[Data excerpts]
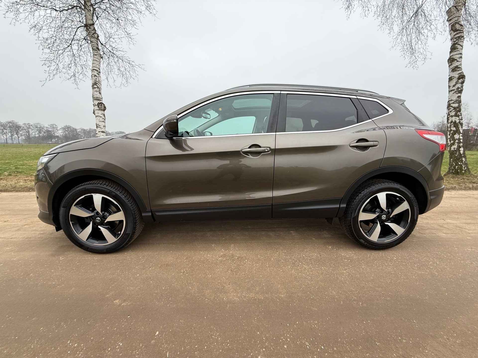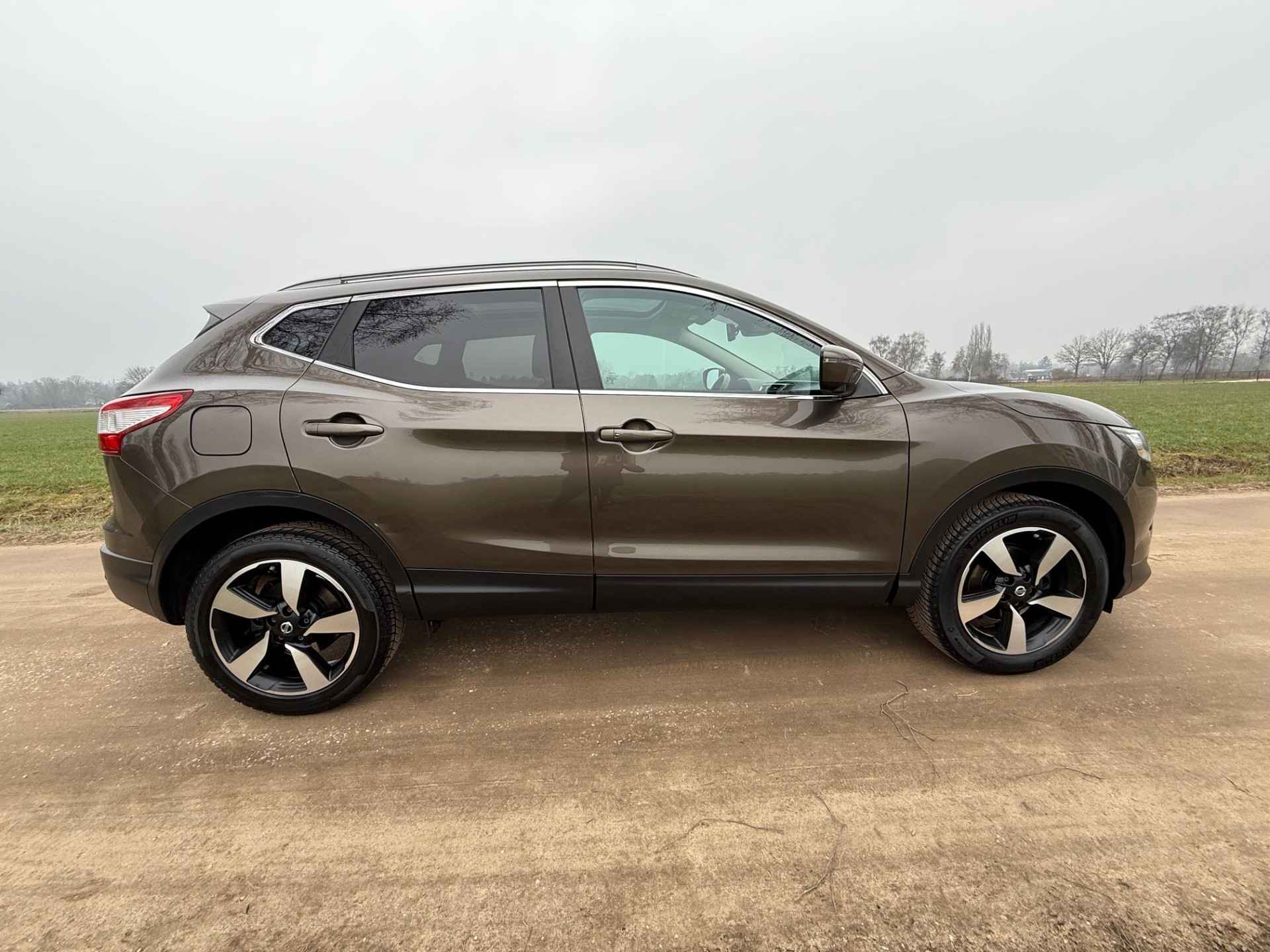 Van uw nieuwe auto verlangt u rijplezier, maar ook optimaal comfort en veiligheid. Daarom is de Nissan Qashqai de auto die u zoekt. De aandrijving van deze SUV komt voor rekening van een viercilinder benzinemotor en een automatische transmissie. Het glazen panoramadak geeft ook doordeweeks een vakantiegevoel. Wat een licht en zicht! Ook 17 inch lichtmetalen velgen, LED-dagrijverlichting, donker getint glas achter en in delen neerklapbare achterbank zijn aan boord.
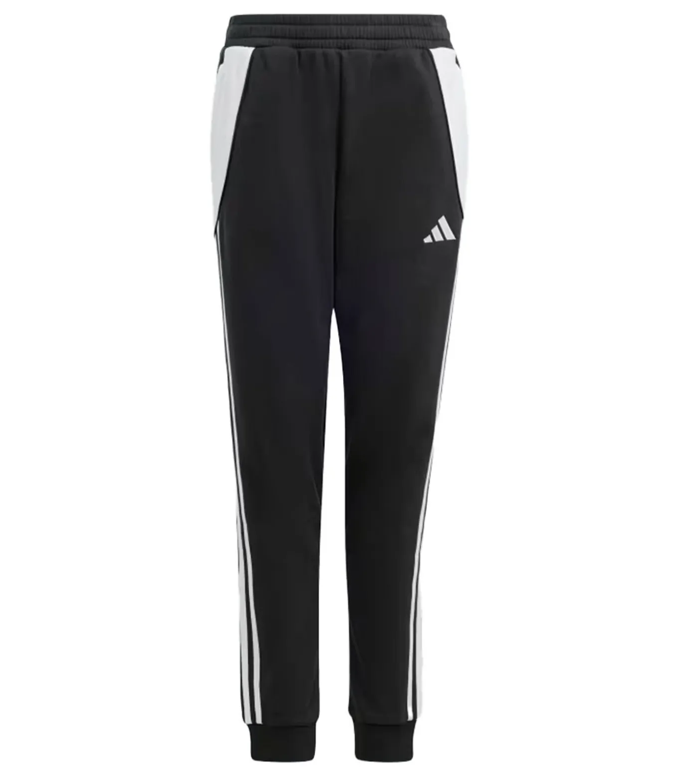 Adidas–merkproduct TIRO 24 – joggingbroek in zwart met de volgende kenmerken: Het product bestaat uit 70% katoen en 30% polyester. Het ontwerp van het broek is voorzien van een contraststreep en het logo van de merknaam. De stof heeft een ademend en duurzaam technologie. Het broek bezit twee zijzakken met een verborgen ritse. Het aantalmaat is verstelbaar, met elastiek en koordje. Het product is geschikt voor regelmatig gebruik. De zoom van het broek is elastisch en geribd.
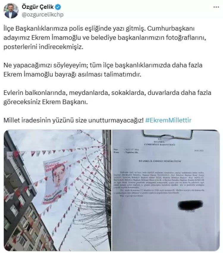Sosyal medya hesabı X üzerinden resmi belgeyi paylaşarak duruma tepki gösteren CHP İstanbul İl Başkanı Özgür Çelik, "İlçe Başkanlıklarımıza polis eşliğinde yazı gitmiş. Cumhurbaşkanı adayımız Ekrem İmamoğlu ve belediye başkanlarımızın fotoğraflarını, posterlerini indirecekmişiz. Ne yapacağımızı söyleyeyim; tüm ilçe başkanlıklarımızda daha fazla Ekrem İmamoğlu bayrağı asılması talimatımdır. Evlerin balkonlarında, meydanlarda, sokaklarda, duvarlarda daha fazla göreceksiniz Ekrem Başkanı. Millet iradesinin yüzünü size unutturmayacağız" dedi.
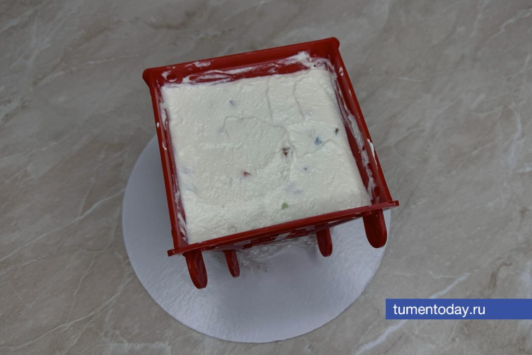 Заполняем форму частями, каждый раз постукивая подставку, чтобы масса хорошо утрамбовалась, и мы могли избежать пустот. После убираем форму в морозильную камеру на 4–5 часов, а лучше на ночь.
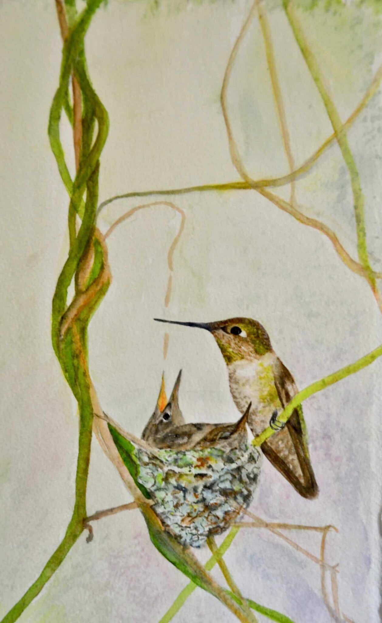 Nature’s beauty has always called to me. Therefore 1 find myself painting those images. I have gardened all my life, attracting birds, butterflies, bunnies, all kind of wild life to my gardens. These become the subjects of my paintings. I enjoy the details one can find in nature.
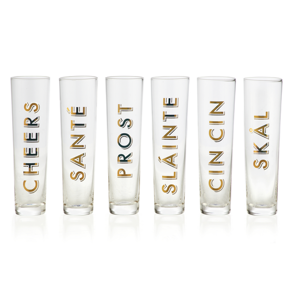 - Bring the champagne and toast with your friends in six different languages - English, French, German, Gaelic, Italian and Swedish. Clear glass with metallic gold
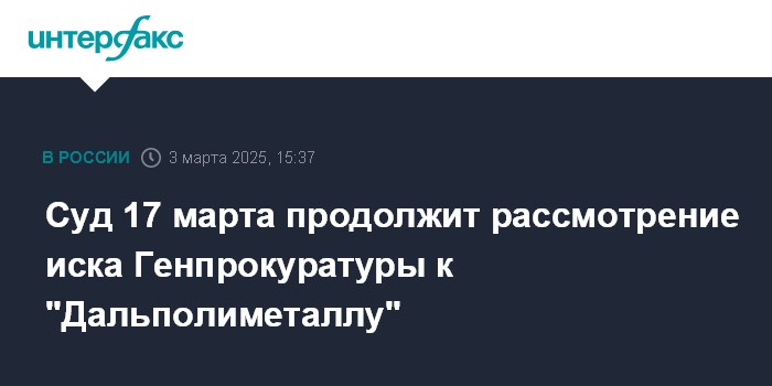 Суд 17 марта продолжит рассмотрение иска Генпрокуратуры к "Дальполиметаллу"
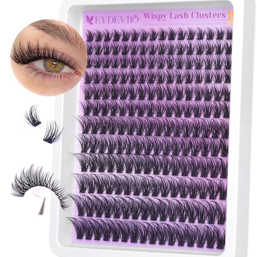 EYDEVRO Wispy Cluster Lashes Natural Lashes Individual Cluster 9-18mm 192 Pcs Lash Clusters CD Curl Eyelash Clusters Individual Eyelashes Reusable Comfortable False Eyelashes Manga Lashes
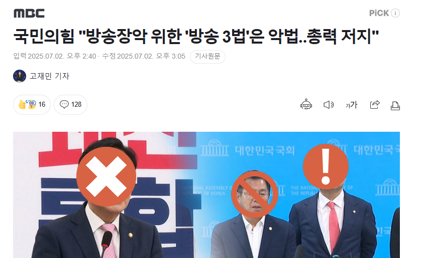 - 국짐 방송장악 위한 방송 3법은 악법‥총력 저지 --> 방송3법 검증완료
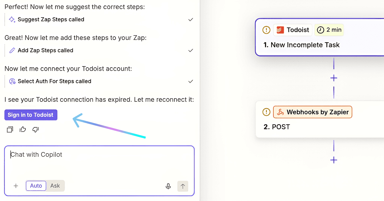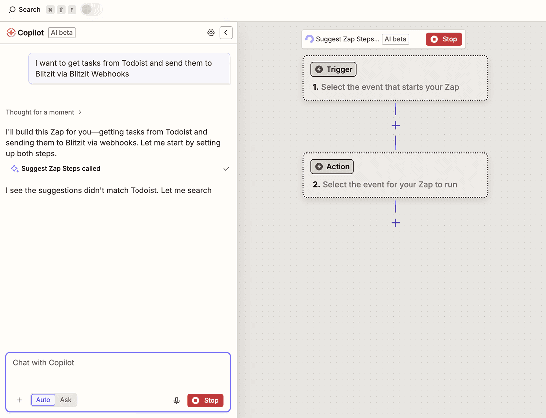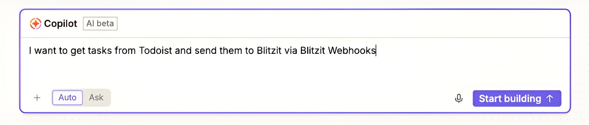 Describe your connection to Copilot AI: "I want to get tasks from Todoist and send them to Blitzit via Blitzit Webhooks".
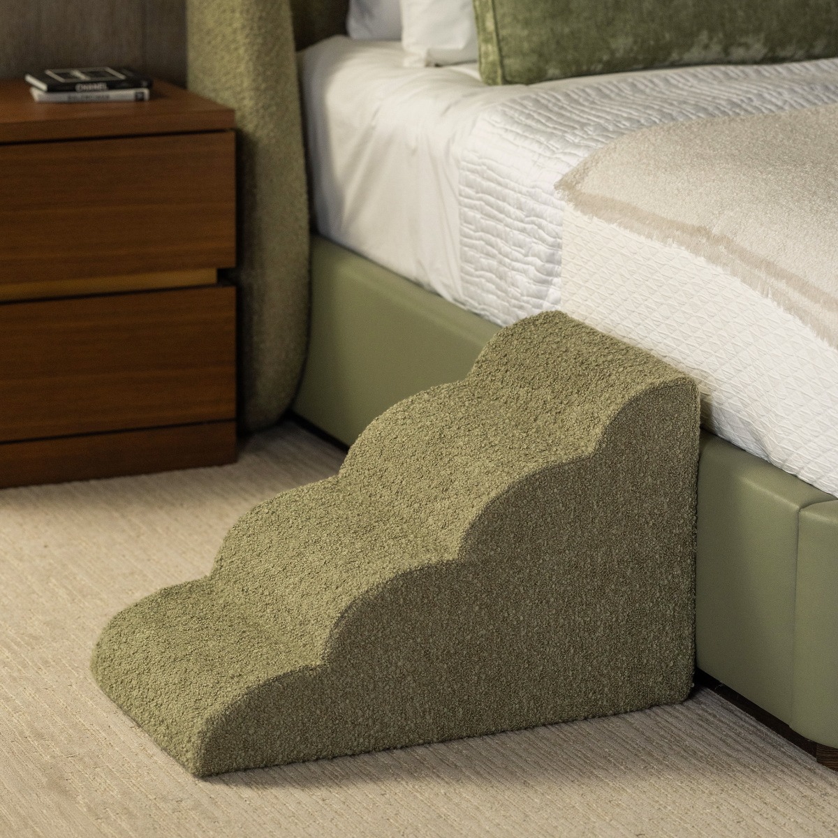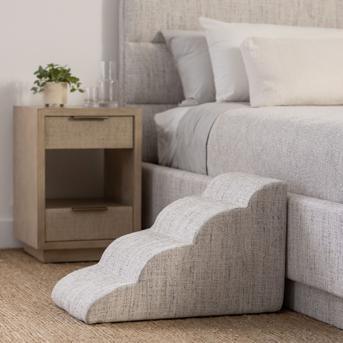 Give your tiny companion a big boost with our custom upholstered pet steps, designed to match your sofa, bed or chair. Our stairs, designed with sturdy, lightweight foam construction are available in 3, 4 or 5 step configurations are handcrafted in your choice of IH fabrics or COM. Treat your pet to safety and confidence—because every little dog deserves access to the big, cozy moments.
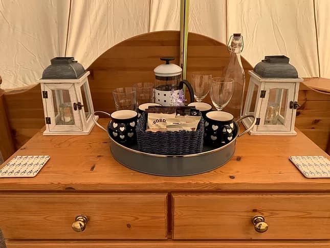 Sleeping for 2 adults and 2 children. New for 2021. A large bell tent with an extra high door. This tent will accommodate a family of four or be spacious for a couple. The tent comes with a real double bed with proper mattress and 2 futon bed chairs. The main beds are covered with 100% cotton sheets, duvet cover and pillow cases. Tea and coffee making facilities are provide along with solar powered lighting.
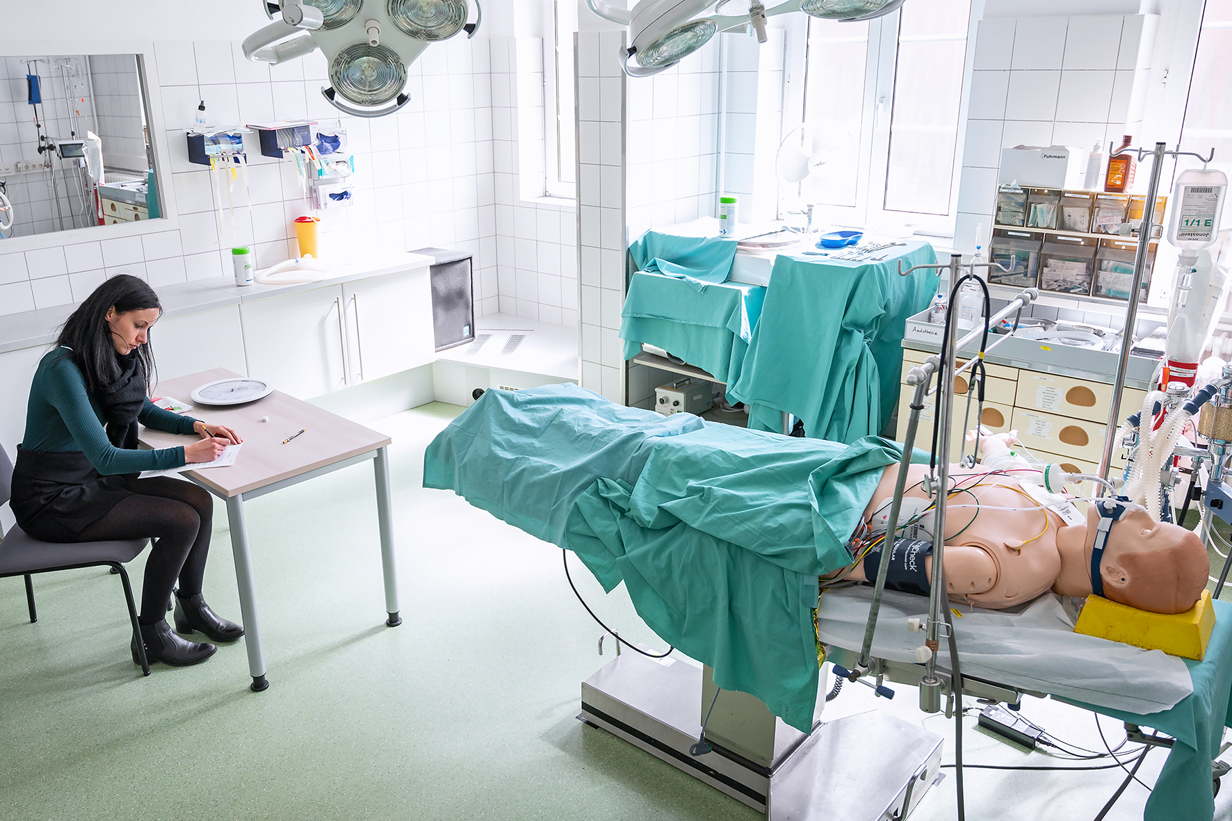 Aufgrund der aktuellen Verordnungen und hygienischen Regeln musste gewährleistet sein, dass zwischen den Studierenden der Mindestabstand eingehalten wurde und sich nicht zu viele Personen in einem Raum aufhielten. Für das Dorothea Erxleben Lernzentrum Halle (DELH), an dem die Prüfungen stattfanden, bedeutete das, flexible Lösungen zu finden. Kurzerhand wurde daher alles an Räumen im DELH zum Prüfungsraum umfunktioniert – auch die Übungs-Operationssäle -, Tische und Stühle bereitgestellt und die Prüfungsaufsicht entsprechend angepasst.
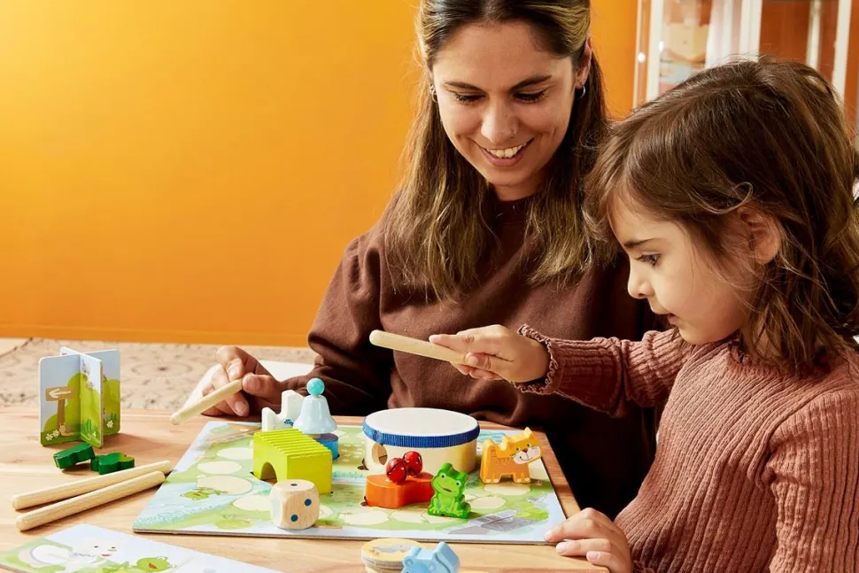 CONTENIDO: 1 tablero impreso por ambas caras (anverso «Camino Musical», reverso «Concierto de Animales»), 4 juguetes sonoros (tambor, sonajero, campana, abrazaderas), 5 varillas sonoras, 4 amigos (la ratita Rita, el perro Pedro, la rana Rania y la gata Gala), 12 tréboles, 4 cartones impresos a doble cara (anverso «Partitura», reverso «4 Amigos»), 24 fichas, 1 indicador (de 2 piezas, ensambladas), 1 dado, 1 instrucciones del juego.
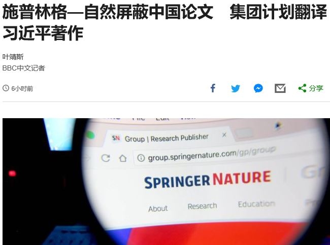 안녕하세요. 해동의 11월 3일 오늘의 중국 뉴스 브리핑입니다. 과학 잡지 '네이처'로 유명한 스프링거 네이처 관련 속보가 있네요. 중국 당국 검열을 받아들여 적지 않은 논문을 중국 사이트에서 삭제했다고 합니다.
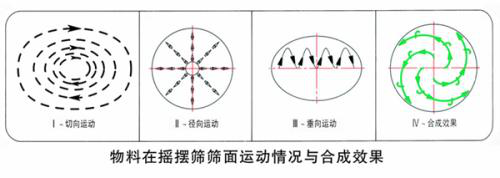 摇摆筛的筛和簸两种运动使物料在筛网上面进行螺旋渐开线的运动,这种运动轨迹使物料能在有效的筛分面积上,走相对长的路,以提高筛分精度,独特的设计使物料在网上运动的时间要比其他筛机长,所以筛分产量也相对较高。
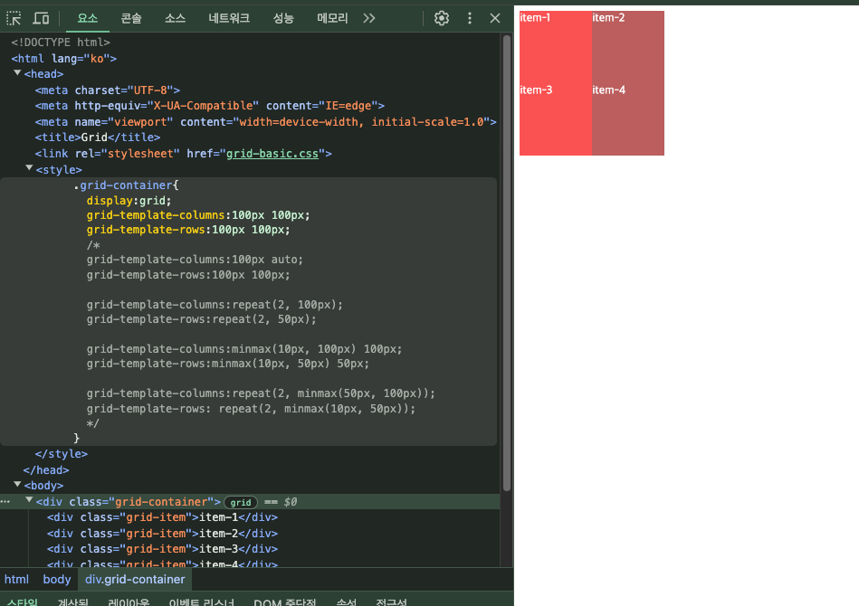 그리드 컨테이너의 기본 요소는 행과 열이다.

Brief: Copy only what lies between the line with "Nature’s beauty has" and the line with "Суд 17 марта", those two lines included, exactly as given above; pictures stay out.

Finished exercise:
 Nature’s beauty has always called to me. Therefore 1 find myself painting those images. I have gardened all my life, attracting birds, butterflies, bunnies, all kind of wild life to my gardens. These become the subjects of my paintings. I enjoy the details one can find in nature.
 - Bring the champagne and toast with your friends in six different languages - English, French, German, Gaelic, Italian and Swedish. Clear glass with metallic gold
 Суд 17 марта продолжит рассмотрение иска Генпрокуратуры к "Дальполиметаллу"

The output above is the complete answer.